--- WORK INSTRUCTIONS ---
Exact transcription with no images: write out all of the entries below.

START SUPPLIED INFORMATION

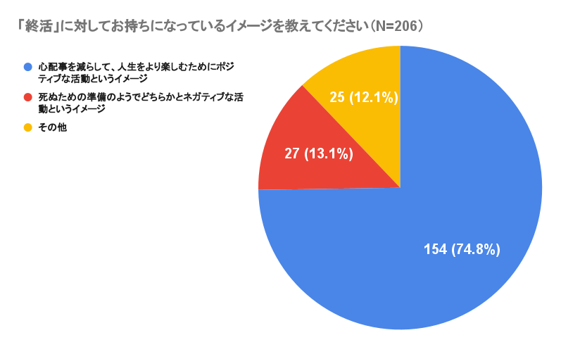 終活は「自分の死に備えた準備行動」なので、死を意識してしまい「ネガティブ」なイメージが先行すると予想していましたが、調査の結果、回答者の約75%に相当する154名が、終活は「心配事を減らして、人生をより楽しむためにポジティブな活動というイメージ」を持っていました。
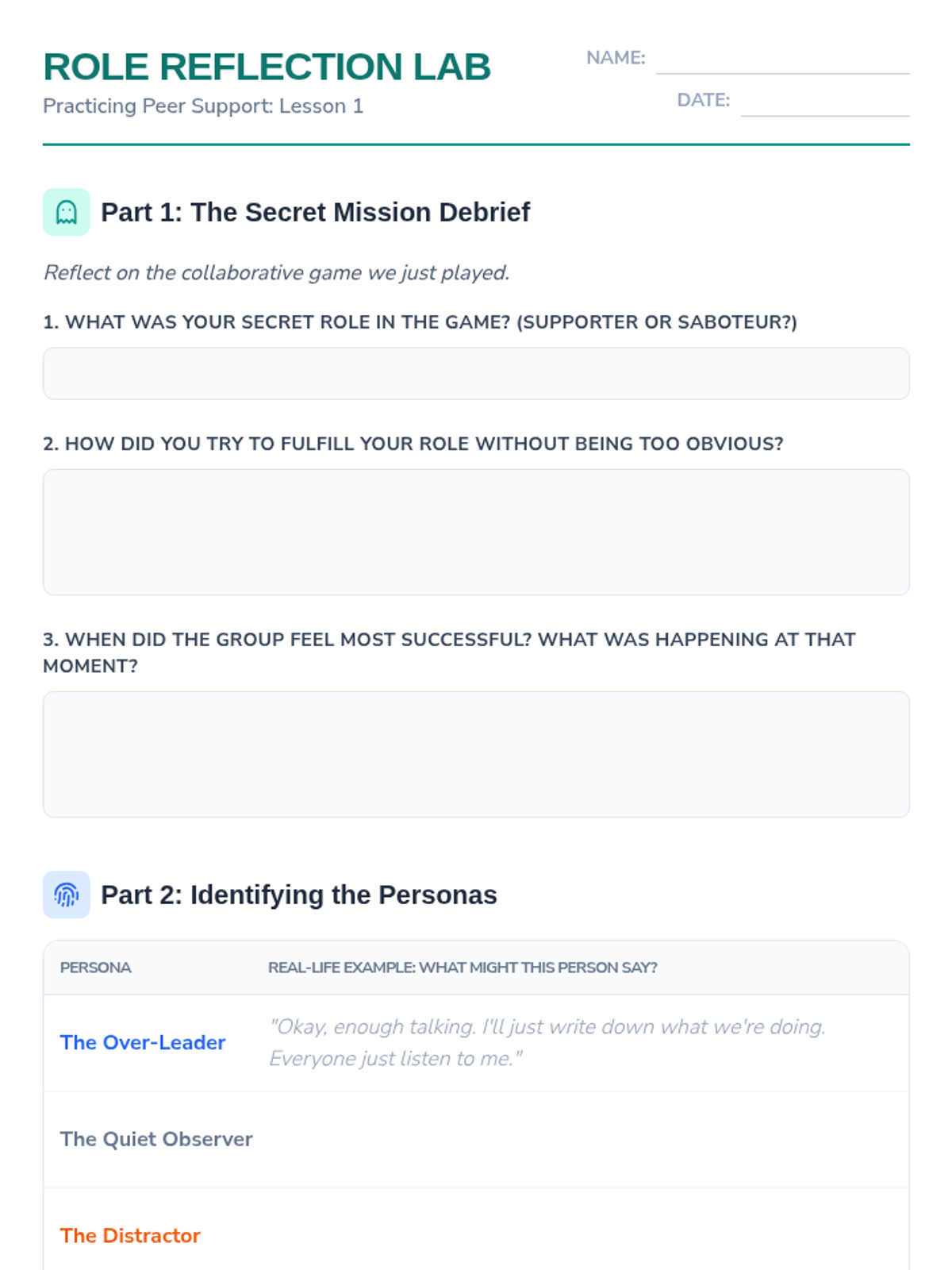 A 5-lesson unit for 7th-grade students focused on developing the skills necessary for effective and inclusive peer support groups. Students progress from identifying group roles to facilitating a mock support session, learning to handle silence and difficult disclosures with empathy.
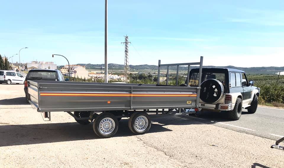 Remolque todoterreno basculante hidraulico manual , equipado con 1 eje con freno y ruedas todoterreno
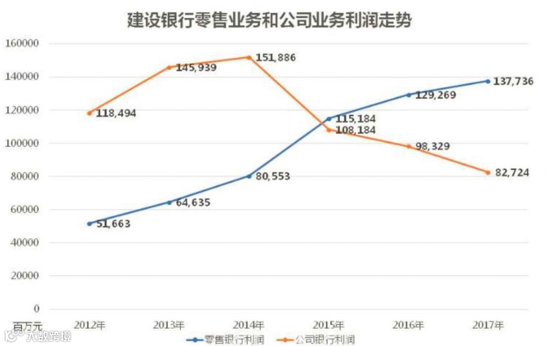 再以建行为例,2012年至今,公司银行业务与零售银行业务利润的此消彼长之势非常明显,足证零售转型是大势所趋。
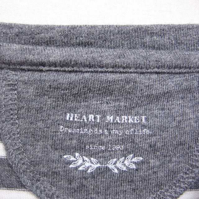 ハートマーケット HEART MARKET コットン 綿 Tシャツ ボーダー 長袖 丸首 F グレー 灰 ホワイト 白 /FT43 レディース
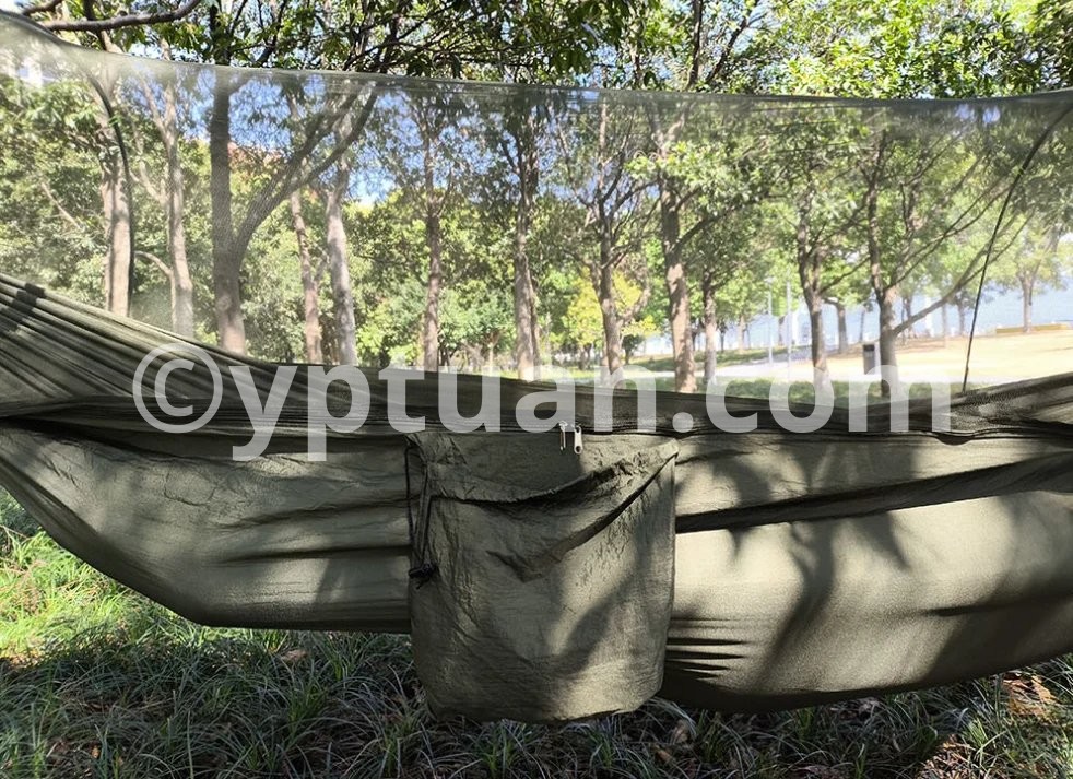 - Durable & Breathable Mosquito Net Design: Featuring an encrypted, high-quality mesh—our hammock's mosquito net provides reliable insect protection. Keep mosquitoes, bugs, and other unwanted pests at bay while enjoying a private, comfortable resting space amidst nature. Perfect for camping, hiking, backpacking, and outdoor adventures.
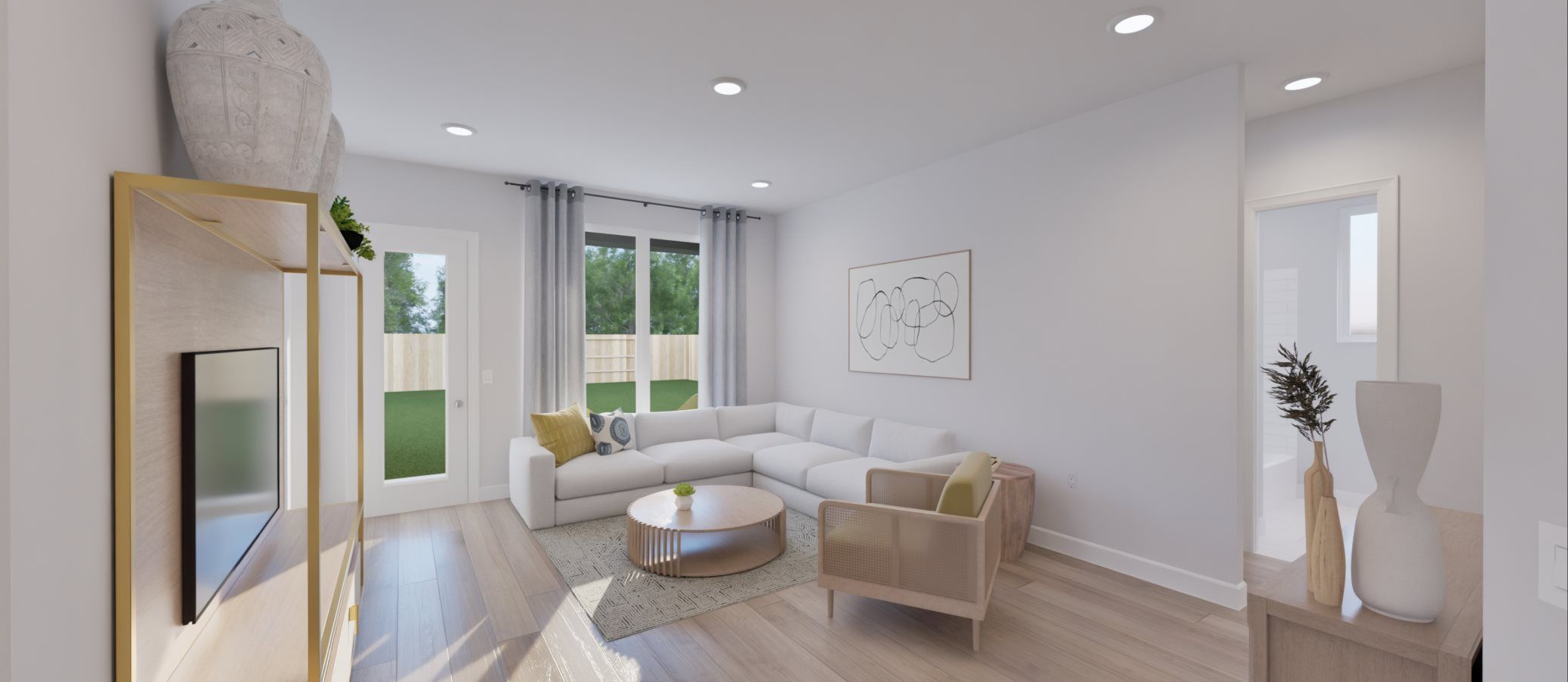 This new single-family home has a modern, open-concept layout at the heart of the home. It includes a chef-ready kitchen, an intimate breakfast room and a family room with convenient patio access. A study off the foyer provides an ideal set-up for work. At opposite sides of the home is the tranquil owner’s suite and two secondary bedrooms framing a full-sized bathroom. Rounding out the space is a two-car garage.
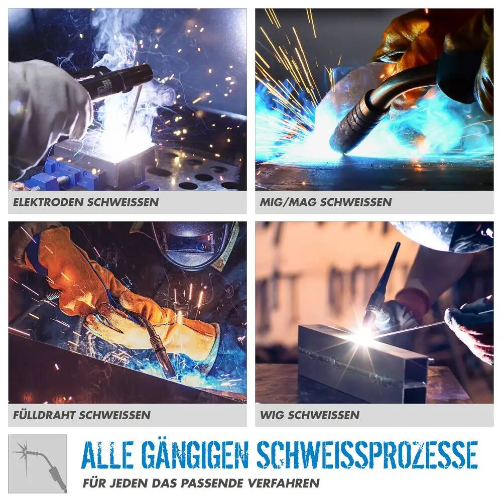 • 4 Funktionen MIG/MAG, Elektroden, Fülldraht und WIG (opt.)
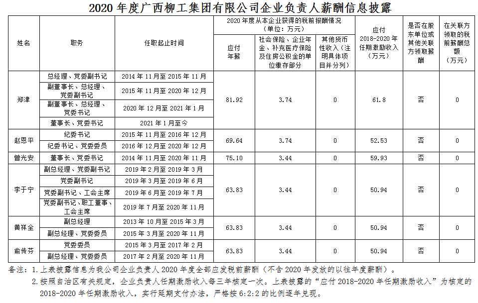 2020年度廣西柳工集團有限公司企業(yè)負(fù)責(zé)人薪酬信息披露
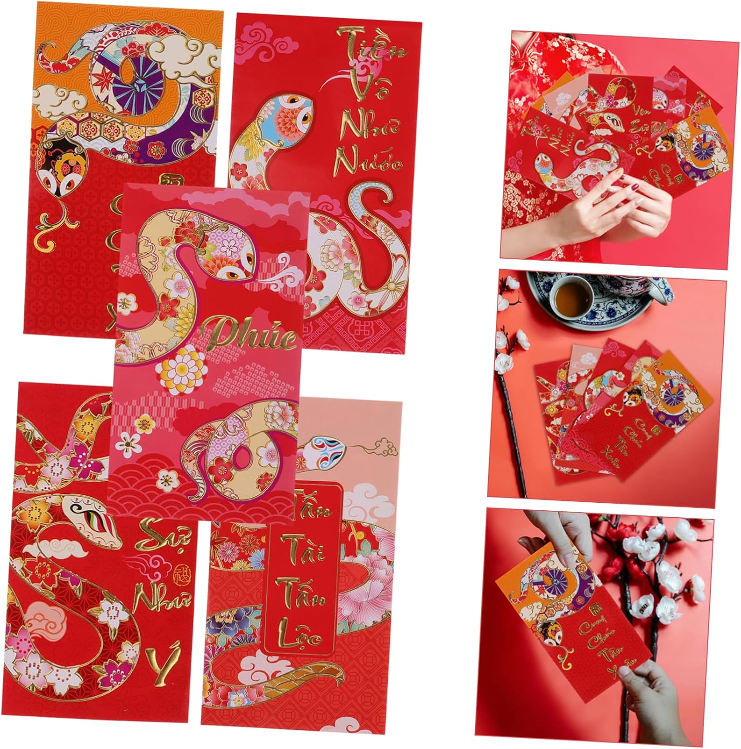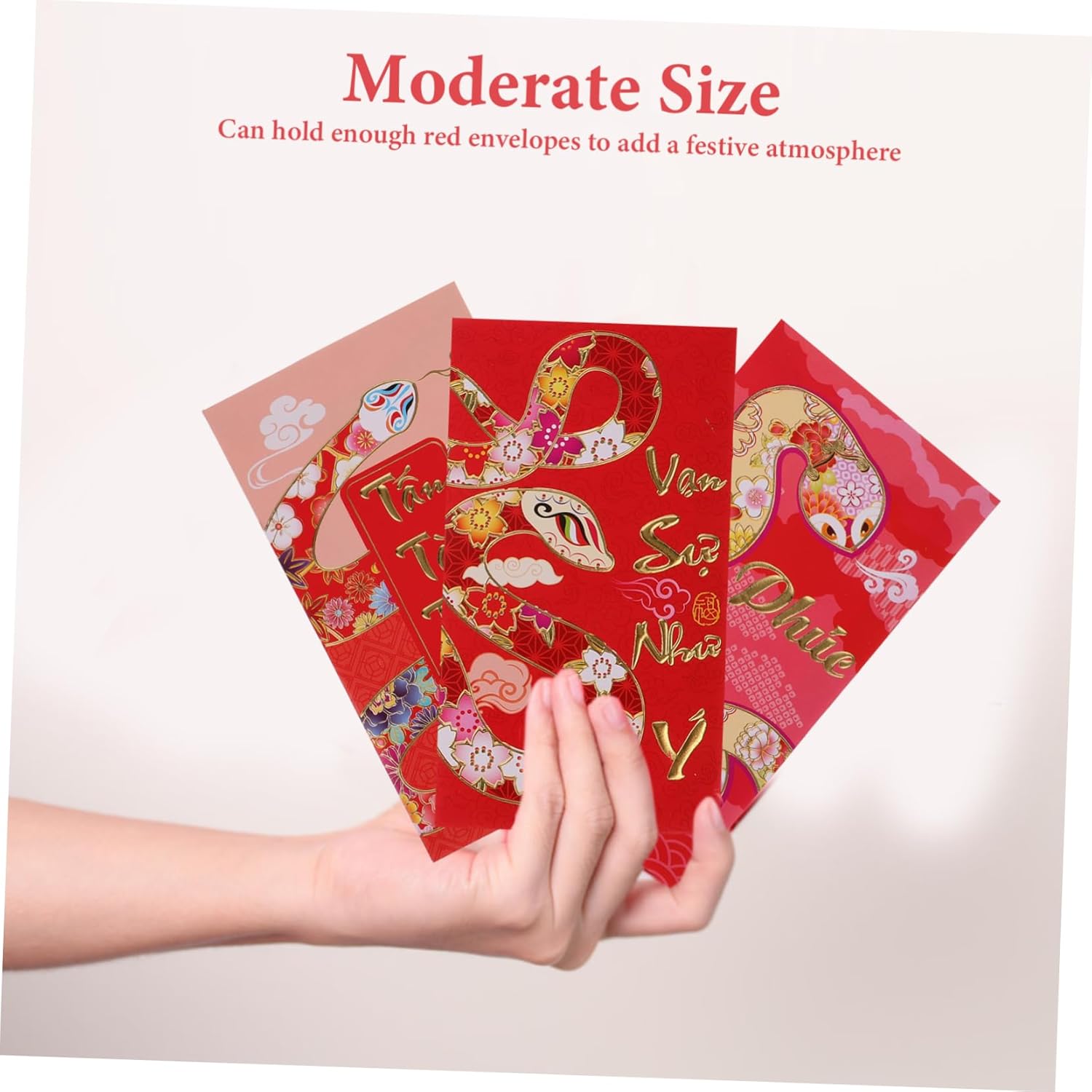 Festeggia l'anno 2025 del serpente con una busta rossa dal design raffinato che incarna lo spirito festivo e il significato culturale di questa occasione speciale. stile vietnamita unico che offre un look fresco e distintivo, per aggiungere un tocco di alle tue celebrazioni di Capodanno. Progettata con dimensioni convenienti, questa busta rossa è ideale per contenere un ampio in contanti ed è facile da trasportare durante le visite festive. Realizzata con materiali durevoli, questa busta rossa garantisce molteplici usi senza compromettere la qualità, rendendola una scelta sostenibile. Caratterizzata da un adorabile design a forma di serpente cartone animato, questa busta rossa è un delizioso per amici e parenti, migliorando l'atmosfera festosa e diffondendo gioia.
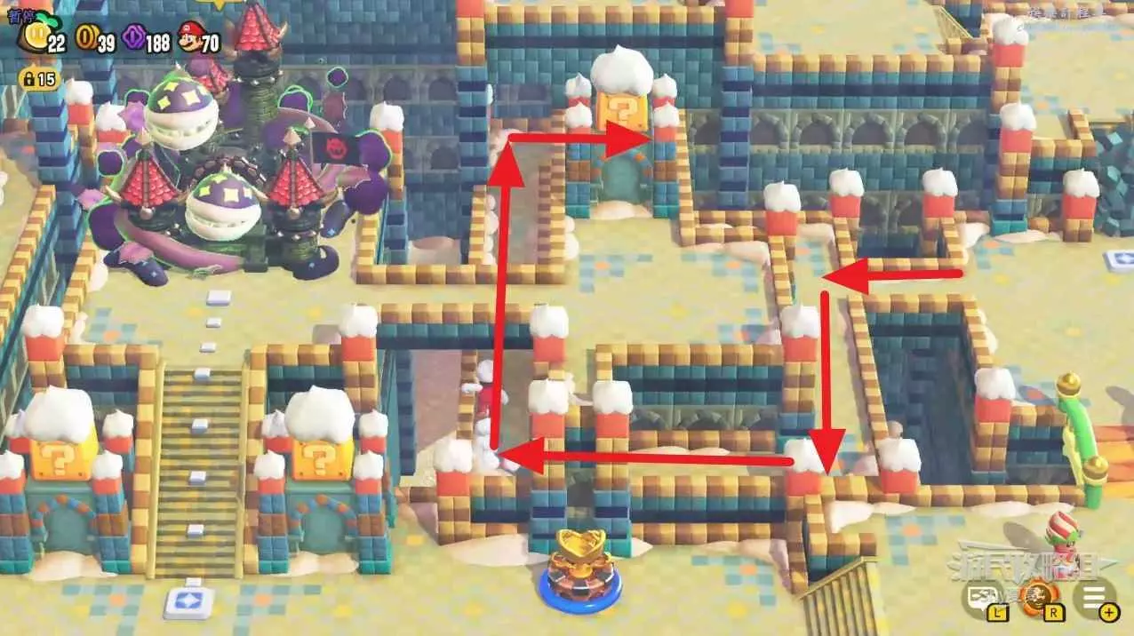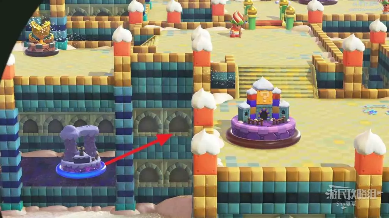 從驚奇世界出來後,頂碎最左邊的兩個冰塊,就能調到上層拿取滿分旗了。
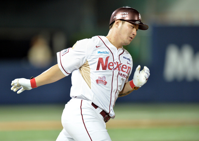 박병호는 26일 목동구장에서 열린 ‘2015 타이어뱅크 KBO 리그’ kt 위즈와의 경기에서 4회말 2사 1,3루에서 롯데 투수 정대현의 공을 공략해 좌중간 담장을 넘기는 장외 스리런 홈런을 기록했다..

END SUPPLIED INFORMATION

--- TASK OUTPUT ---
 終活は「自分の死に備えた準備行動」なので、死を意識してしまい「ネガティブ」なイメージが先行すると予想していましたが、調査の結果、回答者の約75%に相当する154名が、終活は「心配事を減らして、人生をより楽しむためにポジティブな活動というイメージ」を持っていました。
 A 5-lesson unit for 7th-grade students focused on developing the skills necessary for effective and inclusive peer support groups. Students progress from identifying group roles to facilitating a mock support session, learning to handle silence and difficult disclosures with empathy.
 Remolque todoterreno basculante hidraulico manual , equipado con 1 eje con freno y ruedas todoterreno
 再以建行为例,2012年至今,公司银行业务与零售银行业务利润的此消彼长之势非常明显,足证零售转型是大势所趋。
 ハートマーケット HEART MARKET コットン 綿 Tシャツ ボーダー 長袖 丸首 F グレー 灰 ホワイト 白 /FT43 レディース
 - Durable & Breathable Mosquito Net Design: Featuring an encrypted, high-quality mesh—our hammock's mosquito net provides reliable insect protection. Keep mosquitoes, bugs, and other unwanted pests at bay while enjoying a private, comfortable resting space amidst nature. Perfect for camping, hiking, backpacking, and outdoor adventures.
 This new single-family home has a modern, open-concept layout at the heart of the home. It includes a chef-ready kitchen, an intimate breakfast room and a family room with convenient patio access. A study off the foyer provides an ideal set-up for work. At opposite sides of the home is the tranquil owner’s suite and two secondary bedrooms framing a full-sized bathroom. Rounding out the space is a two-car garage.
 • 4 Funktionen MIG/MAG, Elektroden, Fülldraht und WIG (opt.)
 2020年度廣西柳工集團有限公司企業(yè)負(fù)責(zé)人薪酬信息披露
 Festeggia l'anno 2025 del serpente con una busta rossa dal design raffinato che incarna lo spirito festivo e il significato culturale di questa occasione speciale. stile vietnamita unico che offre un look fresco e distintivo, per aggiungere un tocco di alle tue celebrazioni di Capodanno. Progettata con dimensioni convenienti, questa busta rossa è ideale per contenere un ampio in contanti ed è facile da trasportare durante le visite festive. Realizzata con materiali durevoli, questa busta rossa garantisce molteplici usi senza compromettere la qualità, rendendola una scelta sostenibile. Caratterizzata da un adorabile design a forma di serpente cartone animato, questa busta rossa è un delizioso per amici e parenti, migliorando l'atmosfera festosa e diffondendo gioia.
 從驚奇世界出來後,頂碎最左邊的兩個冰塊,就能調到上層拿取滿分旗了。
 박병호는 26일 목동구장에서 열린 ‘2015 타이어뱅크 KBO 리그’ kt 위즈와의 경기에서 4회말 2사 1,3루에서 롯데 투수 정대현의 공을 공략해 좌중간 담장을 넘기는 장외 스리런 홈런을 기록했다..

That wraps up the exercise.